▸ Task instructions
Within the entries below, find the portion that opens with the line containing "St. Louis Cardinals'" and closes with the line containing "2025年3月國內(nèi)外產(chǎn)品召回信息". Retype that portion exactly and only.

▸ Supplied entries
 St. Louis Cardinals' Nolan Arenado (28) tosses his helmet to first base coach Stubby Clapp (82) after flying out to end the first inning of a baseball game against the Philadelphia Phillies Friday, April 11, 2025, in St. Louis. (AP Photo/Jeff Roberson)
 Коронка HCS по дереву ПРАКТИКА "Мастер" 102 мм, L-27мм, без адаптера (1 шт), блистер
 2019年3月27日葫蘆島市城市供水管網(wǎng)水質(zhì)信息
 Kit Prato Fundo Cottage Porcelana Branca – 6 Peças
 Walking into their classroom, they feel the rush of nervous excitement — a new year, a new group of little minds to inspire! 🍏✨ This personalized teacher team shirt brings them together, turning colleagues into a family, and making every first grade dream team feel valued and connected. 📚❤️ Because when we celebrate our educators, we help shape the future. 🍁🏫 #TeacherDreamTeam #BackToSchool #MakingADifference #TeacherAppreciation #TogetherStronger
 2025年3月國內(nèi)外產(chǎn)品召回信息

==

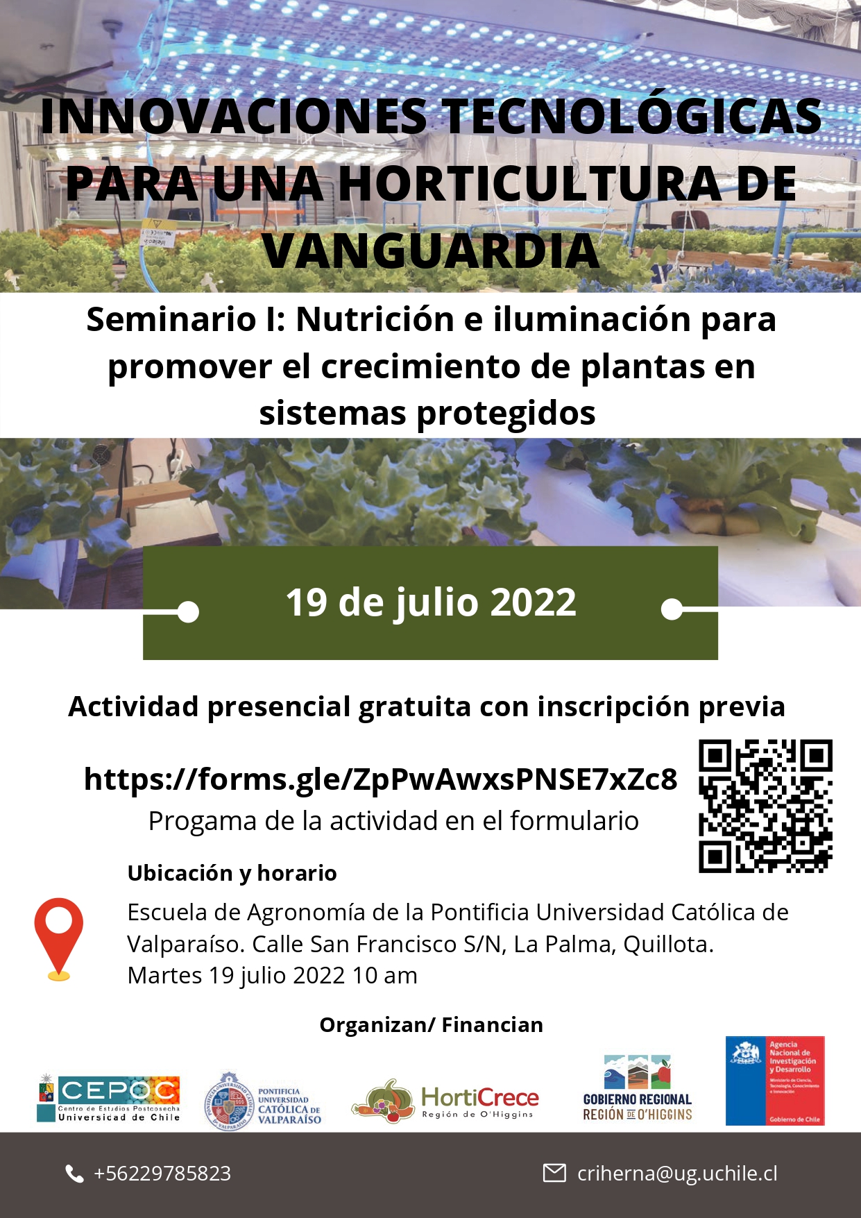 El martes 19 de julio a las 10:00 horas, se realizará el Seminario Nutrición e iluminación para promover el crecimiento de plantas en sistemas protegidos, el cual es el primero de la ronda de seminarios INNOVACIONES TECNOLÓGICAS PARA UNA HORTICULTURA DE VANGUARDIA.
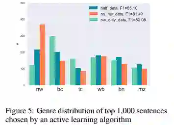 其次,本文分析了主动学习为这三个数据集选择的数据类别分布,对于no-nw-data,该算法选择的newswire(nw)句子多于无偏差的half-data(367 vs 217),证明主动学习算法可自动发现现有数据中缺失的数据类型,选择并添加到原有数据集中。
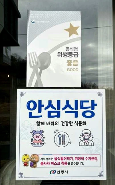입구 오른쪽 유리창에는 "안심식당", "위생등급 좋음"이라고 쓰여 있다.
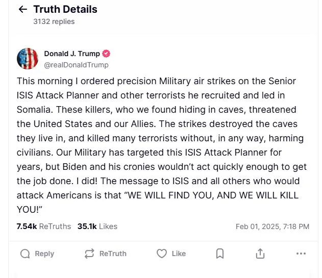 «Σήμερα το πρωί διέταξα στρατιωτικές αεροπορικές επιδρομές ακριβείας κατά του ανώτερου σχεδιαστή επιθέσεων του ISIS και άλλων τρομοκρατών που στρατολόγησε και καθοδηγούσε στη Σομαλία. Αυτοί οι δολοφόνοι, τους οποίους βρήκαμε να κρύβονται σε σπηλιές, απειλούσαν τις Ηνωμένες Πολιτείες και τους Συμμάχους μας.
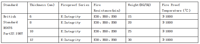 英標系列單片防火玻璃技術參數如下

▸ The answer
 St. Louis Cardinals' Nolan Arenado (28) tosses his helmet to first base coach Stubby Clapp (82) after flying out to end the first inning of a baseball game against the Philadelphia Phillies Friday, April 11, 2025, in St. Louis. (AP Photo/Jeff Roberson)
 Коронка HCS по дереву ПРАКТИКА "Мастер" 102 мм, L-27мм, без адаптера (1 шт), блистер
 2019年3月27日葫蘆島市城市供水管網(wǎng)水質(zhì)信息
 Kit Prato Fundo Cottage Porcelana Branca – 6 Peças
 Walking into their classroom, they feel the rush of nervous excitement — a new year, a new group of little minds to inspire! 🍏✨ This personalized teacher team shirt brings them together, turning colleagues into a family, and making every first grade dream team feel valued and connected. 📚❤️ Because when we celebrate our educators, we help shape the future. 🍁🏫 #TeacherDreamTeam #BackToSchool #MakingADifference #TeacherAppreciation #TogetherStronger
 2025年3月國內(nèi)外產(chǎn)品召回信息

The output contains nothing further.